今年初の鱧ですから、みんな「美味しいね」を連発して食べていました。
そんな最中、誰かさんの小さな声がきこえてきました。
「キュンキュン。なによ、自分たちだけ美味しそうに食べて。シランシラン」
鳴き声ともつかない拗ねた声の主は、愛犬ラブです。
そのなんともいえないイントネーション。犬がお話しするってこの事だと、彼の方を見ないようにして、その声を楽しませてもらったことです。
今朝の朝刊の生活面に「犬と暮らせば健康に」という記事がタイミングよく掲載されました。

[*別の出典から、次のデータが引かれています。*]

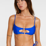 This classic open-front bikini is every bit timeless, cheeky and sexy. connected with two small rings at the front and a strappy knot-tie in the back, the NAYA bikini top fits perfectly with medium coverage at the front and skin, skin, skin at the back.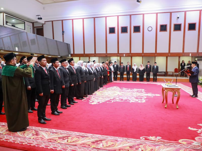 Jakarta, Hariansentana.com.- Gubernur DKI Jakarta, Pramono Anung resmi melantik 100 pejabat fungsional di lingkungan Pemerintah Provinsi (Pemprov) DKI Jakarta. Acara pelantikan dan pengambilan sumpah/janji jabatan berlangsung di Balai Agung, Balai Kota DKI Jakarta, Senin (30/6).

国立環境研究所などが、犬を飼っている高齢者と、飼っていない高齢者を比べたら、飼っているほうが介護、死亡のリスクが半減していると報告しているそうです。
鵜呑みにはしませんが、犬は古くから人間と共に生きてきた友達ですから、まず、犬ほど主の心を読んでくれるものはありません。
淋しいとき、横に座ってくれるだけで、自分の中の悲しみを吸い取ってくれるように感じます。
元気に走り回ってくれたら、見てるだけで笑顔になれます。
ハモ鍋を堪能したあとで、スネポンしながら待ってくれた犬にイイ子イイ子しておやつをあげたら、短い尻尾をクリクリ動かして喜んでくれた様子もまた家族を喜ばせるものでした。
さて、彼の鼻をくすぐったいい匂いの正体である鱧。
夏になると食べたくなるのは、体に染みた天神祭のせいでしょう。
あの忙しないお囃子は、「コンチキチン」という悠長な祇園祭のカネの音と対照的です。
天神祭は大阪の雑魚場の威勢の良さが勝負です。夏の鱧とタコが主役です。
鱧はウナギの親戚。骨きりして、さっと湯に落として花開いたときが茹で上がりです。
その顔を見たらわかりますが、裂けた口からのぞく獰猛な歯は、強い生命力を感じさせます。
「寒、潤、補脾益気、利水」。
暑さを冷まし、胃腸を滋養し体力をつけ、体にたまった余分な水分をおしっこにして出してくれる。夏の食卓に益する食材です。
鍋に染み出たお出しの上品で淡白なスープも味わえて、昨日は満足な夕餉でした。